Cyber’s expanding role in today’s Air Force

Gen. (Ret.) Charles Holland ’68 met with four cadets on Nov. 13 to talk about the expanding cyber fight and how that emerging domain will impact the warfighter in the years ahead.

C1C Nathan Montierth, C1C John Johnson, C1C Jacob Orner and C1C Austin Gadient were on hand to quiz Gen. Holland about his views on cyber and how the modern battlefield is impacted by offensive and defensive cyber operations.

Holland, a special operations commander during the closing years of his Air Force career, has been assisting our nation’s military with war game efforts since 2004.

Over the past decade, Gen. Holland said, planning for future conflicts has included an ever-increasing awareness of cyber and the vulnerabilities that our country faces.

Gen. Holland told the cadets that the U.S. has almost always enjoyed a competitive advantage over its adversaries, due to advanced technologies and strategies, but that’s now changing.

“Our adversaries are getting smarter all the time,” he said. “We have to protect our systems. We need to fix that problem.

“And our adversaries don’t necessarily go by international norms, nor do they really go by the rules of law, versus how we in the U.S. try to operate.”

A big concern is the ability of adversaries to fight in the cyber domain with very little cost involved. That adds to the challenges that U.S. forces face.

As an example, Gen. Holland noted that 23 million people in Afghanistan have cell phones and 90 percent of Afghanis have access to the Internet. That means that potential cyber weapons are in the hands of everyday citizens throughout the world.

Gen. Holland encouraged the upcoming Air Force leaders to explore opportunities in cyber and space, as those domains will be vitally important in the days ahead.

“For all of you, these are pretty exciting times,” he said. “People are recognizing the importance of cyber. It’s going to be very important that we have people who are well steeped in what cyber brings to the warfighters.”

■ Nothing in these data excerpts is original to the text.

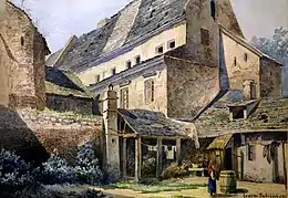 Two years later, he participated in the January Uprising.[2] When it was suppressed, he went into a self-imposed exile, first in Vienna, then to France, where he may have worked as a decorator in Marseille before going to Paris. Later, he joined the French Foreign Legion and was wounded fighting in the Franco-Prussian War.[1] After 1871, he returned to Poland and settled in Lwów, where he painted murals at St. George's Cathedral and created sets for several operas.[2]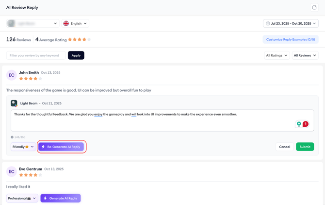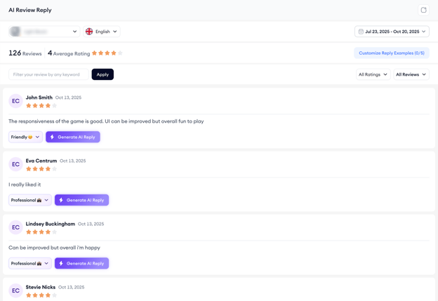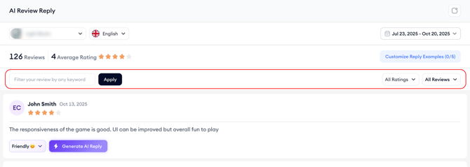 If you use the keyword filter, you can create a single, unified view that covers several similar reviews and generate AI replies, perfect for addressing common topics like “login issues” or “subscription questions” all at once.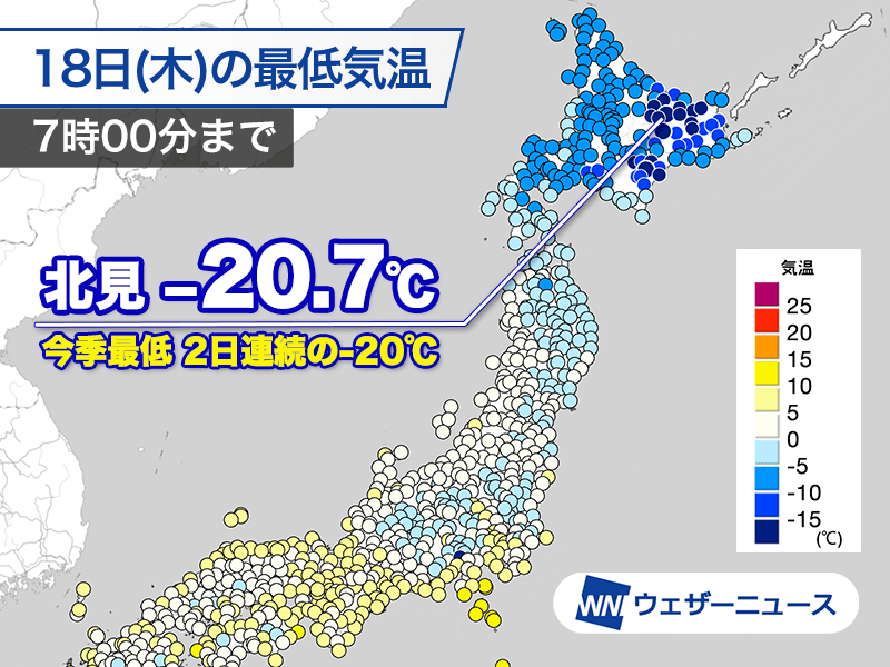 北海道で強い冷え込み 帯広や北見で今季最低気温を更新 北見は2日連続の-20℃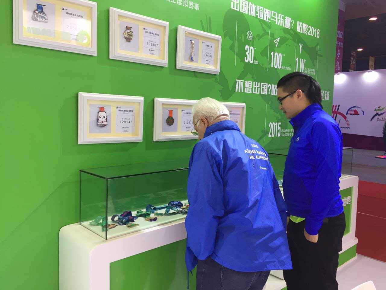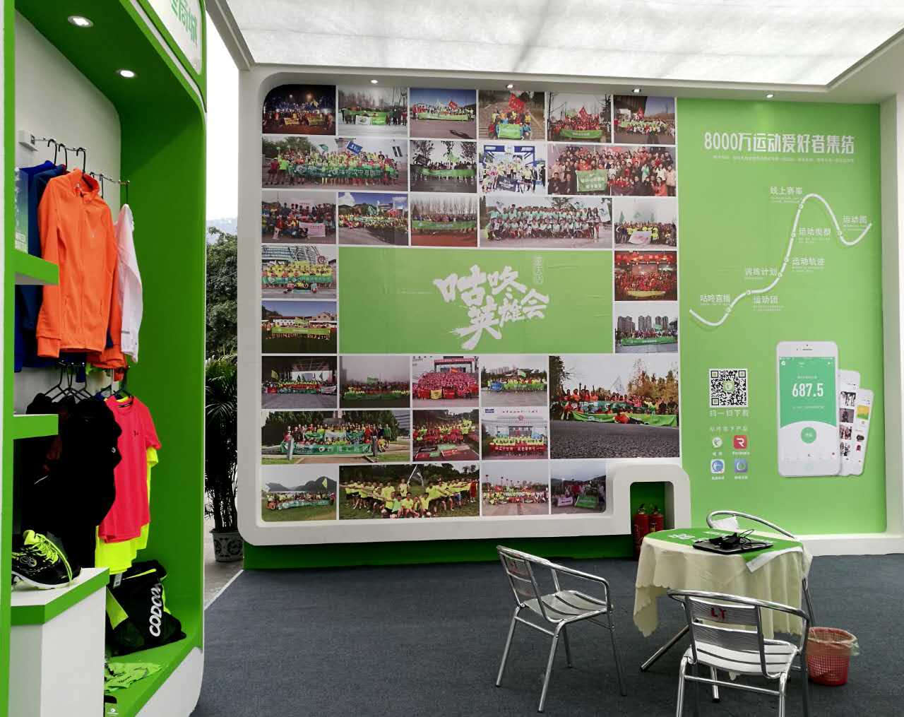 最独特的是咕咚展台的风景墙——以“咕咚英雄会”为主题的风景墙,通过征集筛选,向众多跑友真实展示了2014年以来,咕咚跑团、运动团建设的成果。据咕咚跑团负责人介绍,目前入驻咕咚的“运动团”数量已超过17.6万个,覆盖运动人口超过千万。 其中,咕咚跑团数量超过10万,骑行团数量超过3万,通过官方认证的“咕咚官方跑团”108个,以广州、上海、北京、成都、杭州、深圳、重庆、郑州、大连等一二线城市最为活跃,成员超过13万。每年线上线下开展的跑步活动超过千场,推动健康、快乐、积极向上的运动社交理念迅速走向成熟。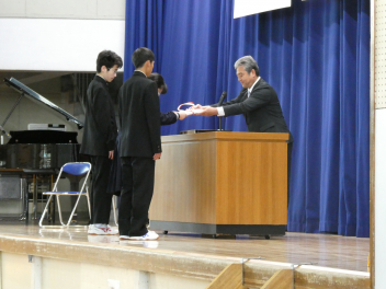 また、各学年の代表生徒に新しい教科書を授与しました。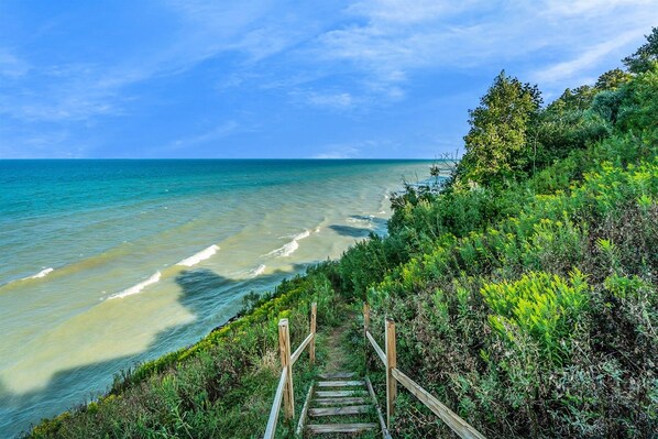 Beach Access: Great Lakes Escape has a private beach accessible from the trail on the lakefront side of the home
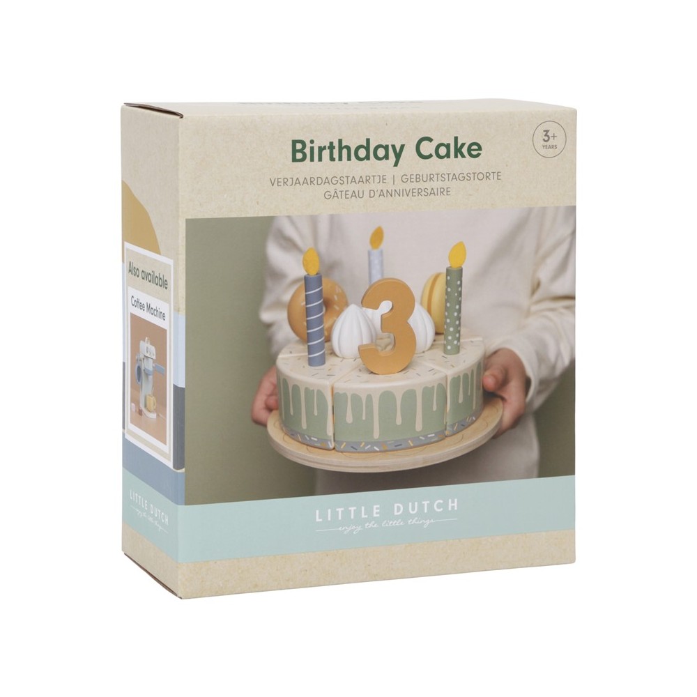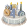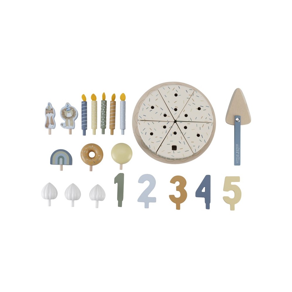 Ξύλινη τούρτα γενεθλίων Μπλε, 26 τεμάχια από την Little Dutch. Χιπ χίπ ζήτω! Βγάλτε τις γιρλάντες, γιατί με την τούρτα μας, κάθε μέρα είναι ένα πάρτι! Διακοσμήστε την τούρτα σας με μακαρόν, ντόνατ, ουράνιο τόξο, ζώο και σαντιγί και κεράστε όλους τους καλεσμένους από ένα κομμάτι. Καλή διασκέδαση στο πάρτι. Το σετ περιλαμβάνει έξι κομμάτια τούρτας σε δίσκο, ένα σερβίτσιο τούρτας, ντόνατ, μακαρόν, λιοντάρι, αλεπού, ουράνιο τόξο, κεριά, διακοσμητικά σαντιγί και διακοσμητικά με αριθμούς (1-5).

Responding to a question about future technology that might help in the cyber fight, Gen. Holland suggested that Artificial Intelligence, lasers, jamming capabilities and “assured communications” will be important new developments in the near future.

He noted that the military’s partnerships with private industry will be key as new technologies are explored, as tech companies can more rapidly respond to threats in the cyber realm.

“What can we learn from them? That’s very critical,” he added.

As for a final piece of advice, Gen. Holland offered the following:

“Think outside the box, don’t allow yourself to get into a group think, and don’t be bashful,” he says. “Talk to your leadership in a respectful way.”

Gen. Holland’s Academy class — the Class of 1968 — will gather for its 50th reunion next year. The class gift will focus on ongoing cyber education and cyber efforts at USAFA, including support for the Academy Cyber Competition Team.